The highly untransparent and biased wage-setting process was finalised after weeks of unrest in Bangladesh. Workers around the country started protesting after the BGMEA had proposed to raise the Minimum Wage to a meagre 10,400 BDT last month. At least 3 workers have been killed during the protests, with dozens of workers injured after facing police violence in the form of tear gas, rubber bullets and live ammunition. Cases are being filed against protesting workers raising serious concerns for retaliatory arrests. Yesterday’s announcement might spark further unrest in the Bangladeshi capital.
Factory owners in Bangladesh claim they cannot afford the minimum wage to be set higher than 12,500 BDT, and some claim this wage might even put some subcontractors out of business. However, it is the buyers – the international fashion brands – who dictate prices in the industry. In principle, their purchasing prices should always allow factory owners to pay workers a living wage. Still, in most cases, the prices paid by brands are barely enough to pay the poverty-level minimum wages in countries like Bangladesh.
Despite multiple calls by CCC for international buyers to explicitly back the trade union demand for a 23,000 BDT minimum wage, and to assure suppliers that they would raise their own prices in accordance with the labour cost increase, all but one brand refused to do so.*
Many brands sourcing from Bangladesh, including H&M, Next, C&A, Uniqlo and M&S have long-standing living wage commitments. Yet at the most crucial moment for the brands to use their outsized leverage to assure their own workers are not living in poverty, they have failed to act, illustrating the emptiness of these commitments to living wages.
The Prime Minister has yet to implement the new wage. It is now up to these brands to put their money where their mouth is and ensure workers in their supply chain earn at least 23,000 BDT, which is still not a living wage but the bare minimum that is needed for workers to make ends meet.

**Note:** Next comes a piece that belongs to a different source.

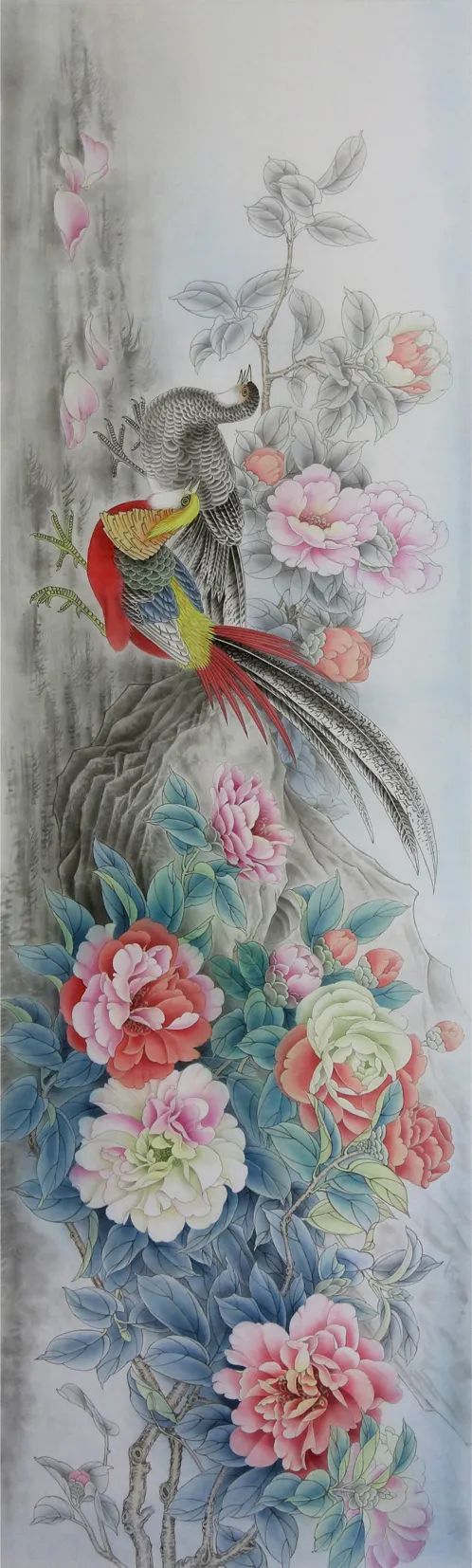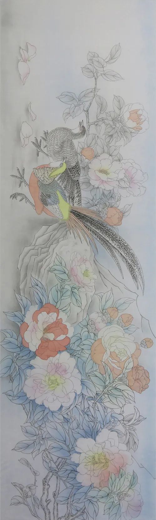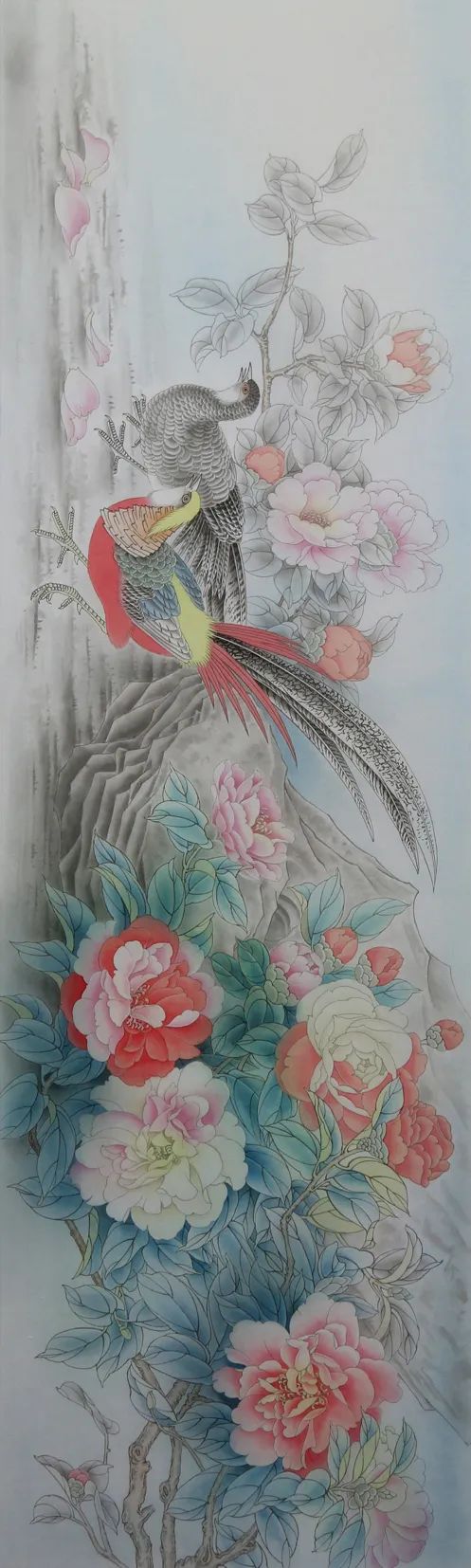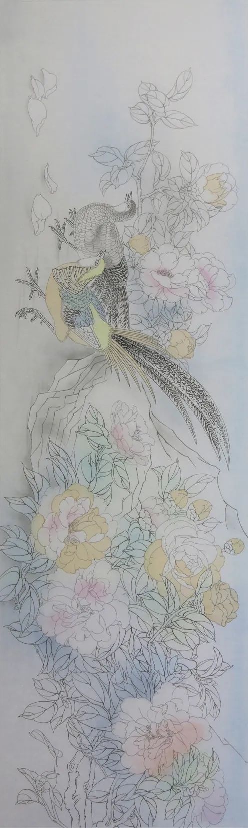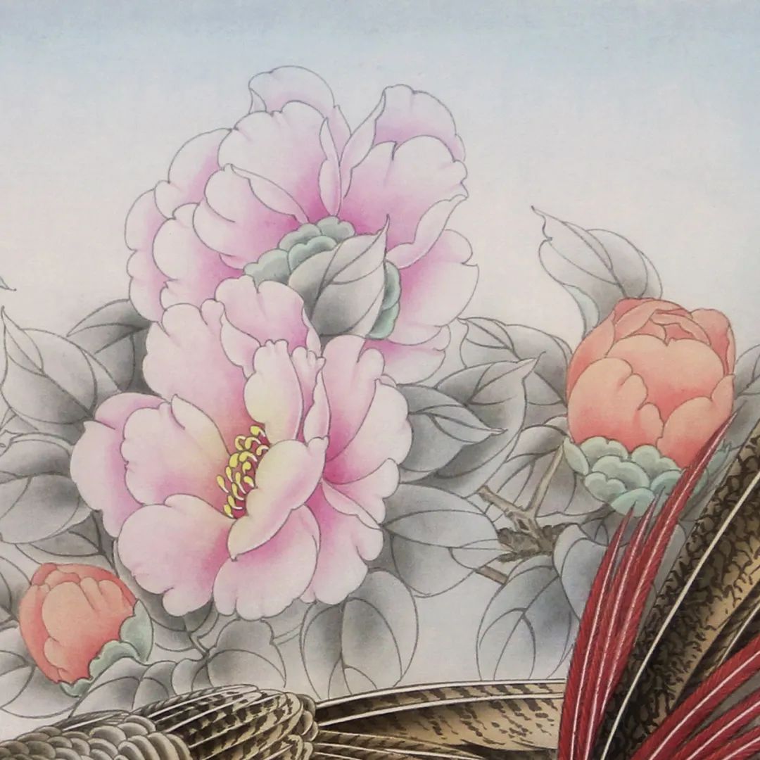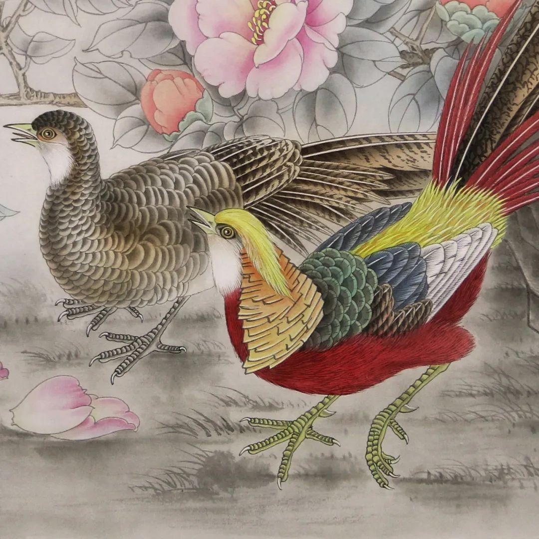 雌鸟用焦茶局部晕染,红腹锦鸡尾部用焦茶分染,浓白粉画羽骨,白粉丝白毛,腹部用大红加墨丝毛,点睛,提画细节,头部羽冠用藤黄加白丝毛。

Trade unions in Bangladesh have raised sharp criticism of the integrity of the wage-setting process, just like five years ago. Trade unions demand annual revisions of the minimum wage, instead of once every five years. Trade unions also point out that the workers’ representative on the Wage Board must be selected from the most representative trade union. In this and previous wage negotiations, this regulation has been flouted to install a “workers’ representative” who is favourable to employer and government interests.
Finally, trade union leaders point out that their proposal for 23,000 BDT was reached using criteria prescribed under both the country’s labour law (the Bangladesh Labor Act) and international labour standards (ILO Convention 131 on Minimum Wage Fixing), while the employers’ proposal was not.
* Patagonia was the only brand explicitly supporting the trade union demand for 23,000 Taka but it did not commit to increasing the prices it would pay to its supplier. Other brands vaguely supported demands for higher wages, but refused to explicitly back the trade union demand for 23,000 BDT or commit to increasing prices.